Abstract

We have determined the primary structure of a 3500 base-pair part of the silkmoth chorion locus mapping in a region containing genes of late developmental specificity. This part of the locus was found to harbour a pseudogene related to one of the families of chorion genes encoding high cysteine proteins, HcB. The pseudogene exhibits an overall sequence identity of 84 % to the consensus coding region of HcB chorion genes. A 95 % identity was observed over a length of 190 base-pairs of its immediate 5′ upstream sequences and the corresponding part of the consensus 5′-intergenic sequences of Hc gene pairs, normally encompassing 270 base-pairs.

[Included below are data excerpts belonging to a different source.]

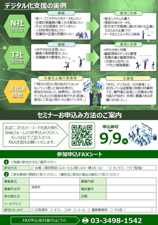 これらの経験とネットワークを活かし、須坂市においても、地域企業がDXに取り組むきっかけを創出し、経営課題の可視化や業務効率化、売上向上といった具体的な成果につながる支援を実施してまいります。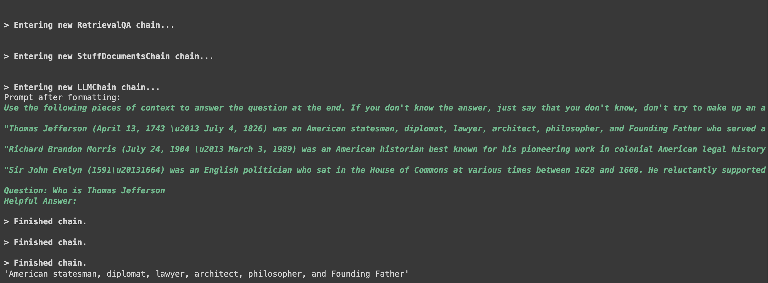 위의 과정을 한번에 하고싶다면 QA pipeline을 생성한 다음, 추가적으로 모델별 인수를 사용하여 LangChain pipeline을 생성하면 된다.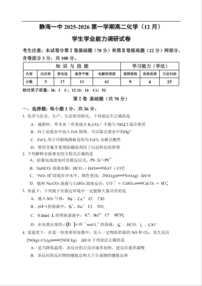 高二化学+答案--天津市静海区第一中学2025-2026学年高二上学期12月月考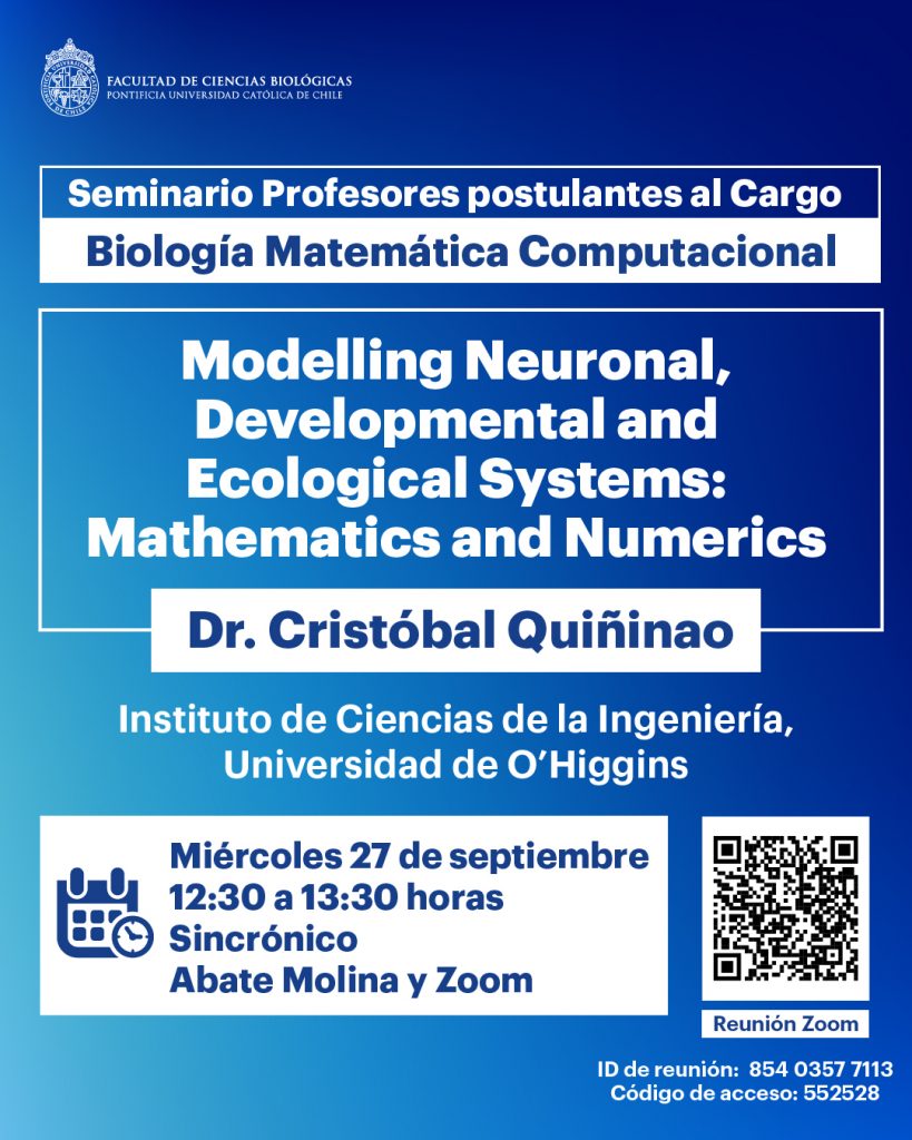 Título seminario: Modelling Neuronal, Developmental and Ecological Systems: Mathematics and Numerics por Dr. Cristóbal Quiñinao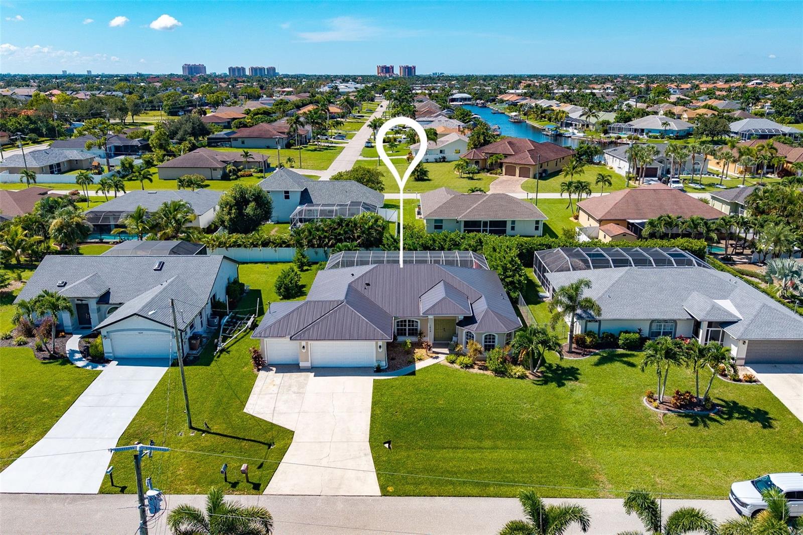 Stunning 3-Bedroom Pool Home in Highly Desirable SW Cape Coral! Welcome to your dream home in one of Cape Coral’s most sought-after neighborhoods! This beautifully remodeled 3 bed, 2 bath + spacious den home offers the perfect blend of comfort, style, and functionality — all close to shopping, dining, and everyday conveniences. Step inside to an open concept layout featuring vaulted ceilings, a split bedroom design, and soft-close cabinetrythroughout. The kitchen showcases granite countertops and overlooks the expansive living and dining area, making it ideal for entertaining. Enjoy the Florida lifestyle in your southern exposure over sized lanai , complete with a heated pool, sun shelf, and a dedicated pool bathroom. The tongue and groove ceilings on the lanai and front entryway add warmth and charm, while electric roll-down shutters provide year-round protection and ease. Car enthusiasts and hobbyists will love the rare 3.5-car garage, offering plenty of space for vehicles, tools, or toys. Recent upgrades include a new metal roof (2022) and a full interior remodel completed in 2022. Don’t miss this opportunity to own a move-in ready home with luxury finishes and an unbeatable location in Southwest Cape Coral!
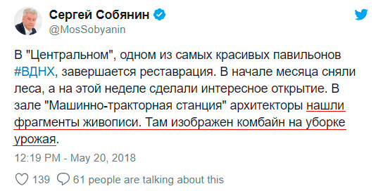 И с центральным павильоном ВДНХ тоже всё в порядке - когда-то стены расписали, позже, когда роспись стала отваливаться - всё закрасили побелкой, теперь вот стали реставрировать - и нашли фрагменты той первой живописи. Почему она должна быть какого-то старинного века - непонятно.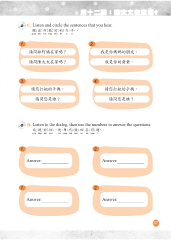 D. Listen to the dialog, then use the numbers to answer the questions.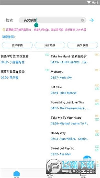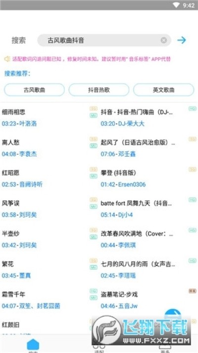 5、搜索推荐:古风歌曲、抖音热歌、英文歌曲,带你发现热歌。
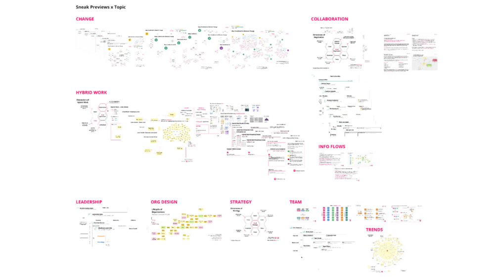 - Change, Collaboration, Hybrid Work, Information Flows, Leadership, Org Design, Strategy, Team and Trends.
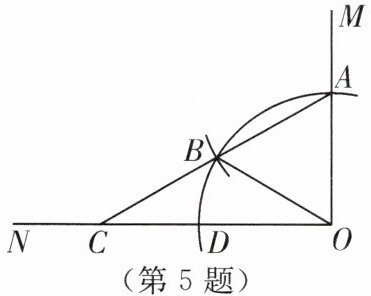 5. (2024·连云港赣榆区期中)如图,$\angle MON = 90°$,以点 $O$ 为圆心,任意长为半径画弧,分别交 $OM$,$ON$ 于点 $A$,$D$,再以点 $A$ 为圆心,$AO$ 长为半径画弧,与弧 $AD$ 交于点 $B$,连接 $OB$,$AB$,$AB$ 的延长线交 $ON$ 于点 $C$,若 $OD = 4$,则 $CB$ 的长为______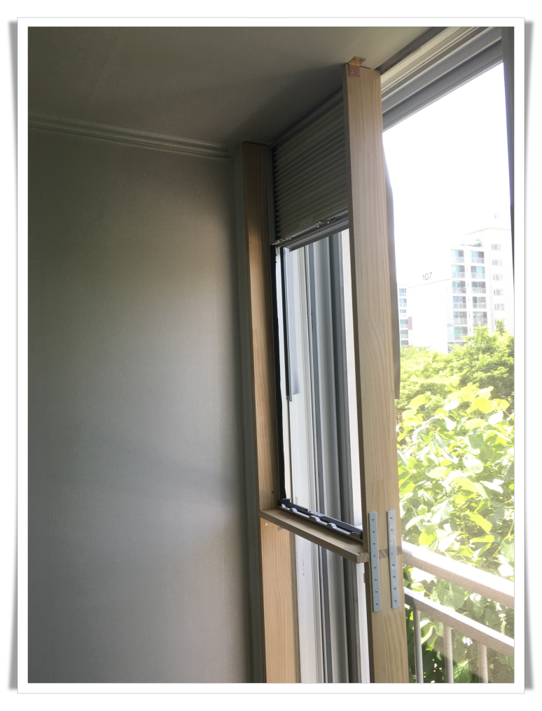 에어컨 거치대 윗부분은 창틀샤시 홈을 이용해 고정하였습니다. 물론 윗부분은 다행스럽게 쉽게 넘어갔지만 창틀 홈을 이용하지 못하더라도 고정은 어느 형태로든지 가능합니다. 물론 작업 난위도는 좀 올라가겠지만요.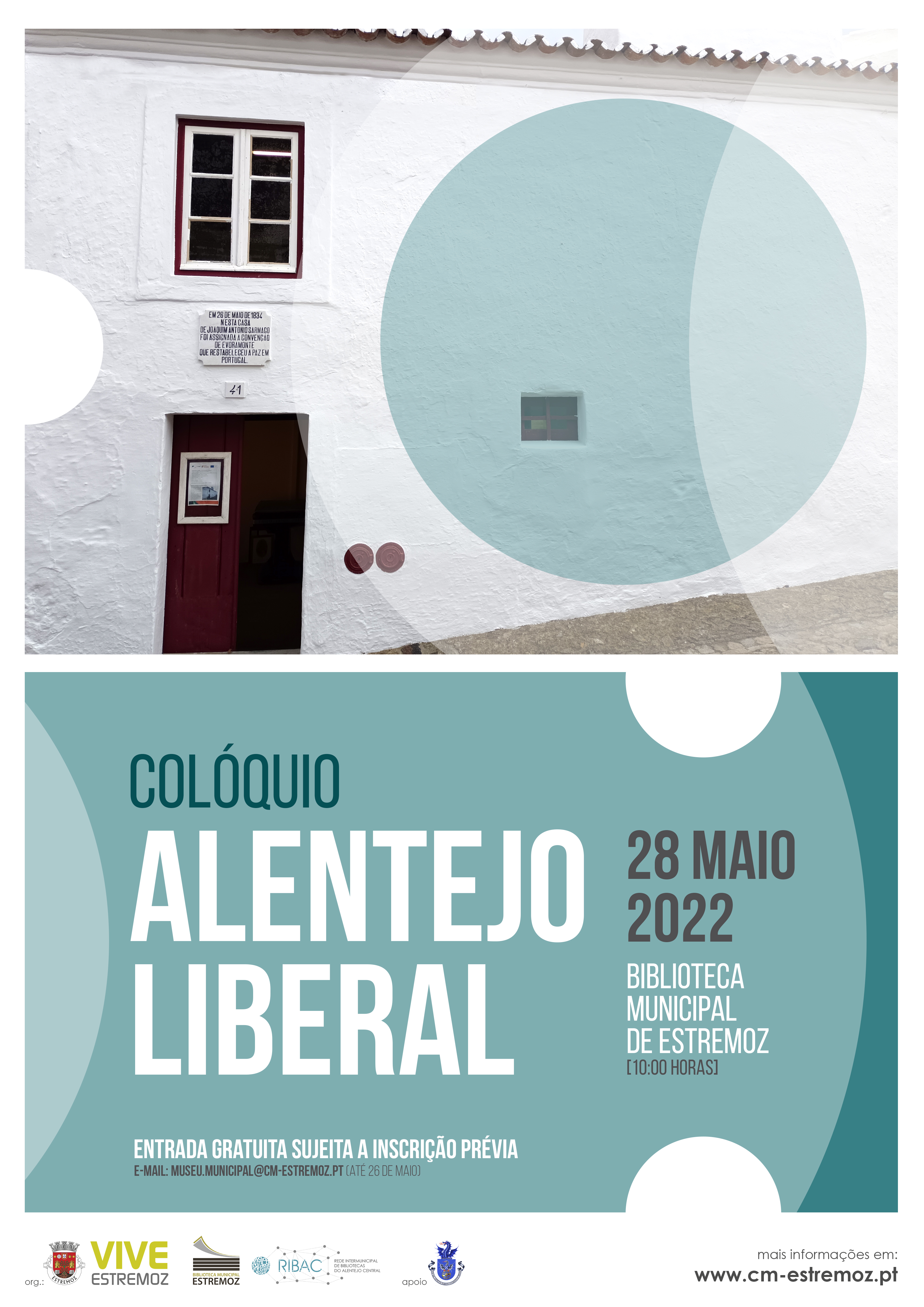 No dia 28 de maio, pelas 10:00 horas, decorrerá o Colóquio “Alentejo Liberal”, no Auditório da Biblioteca Municipal, que pretende evocar a Convenção de Evoramonte, da qual celebramos o 188º aniversário, a 26 de maio de 2022.

Thus, the pseudogene has retained part of the promoter region that includes sequence elements whose presence is thought to be necessary for transcriptional competence of HcB genes. The pseudogene is also characterized by the elimination of part of its first exon containing most of the 5′ untranslated region, the ATG translation initiation codon and part of the signal peptide sequences. Its intron is longer than that of other HcB genes due to the insertion of a copy of a repetitive element that appears to be transcribed by RNA polymerase III. A previously characterized chorion cDNA clone, m2282, representing a rare mRNA sequence of late developmental specificity, was found to be identical to the pseudogene over its entirety spanning 65% of the pseudogene's second exon. Hybridizations of clones spanning a 260,000 base-pair domain of the chorion locus of Bombyx mori and of total genomic DNA to a subfragment of the cDNA clone containing relatively unique sequences, coupled to primer extension experiments, have demonstrated that m2282 mRNA originated from the pseudogene and that the pseudogene transcripts are initiated at the chorion cap site consensus sequence. We conclude that the 5′-flanking sequences retained by the pseudogene encompass elements necessary and adequate for correct transcriptional activation, but may not include those required for quantitative expression of the promoter. Possible reasons for the observed lack of random drift in the 5′-upstream sequences of the pseudogene and the maintenance of a functional promoter in a non-functional gene are discussed on the basis of the observation that elements resembling scaffold attachment sites are present in these sequences.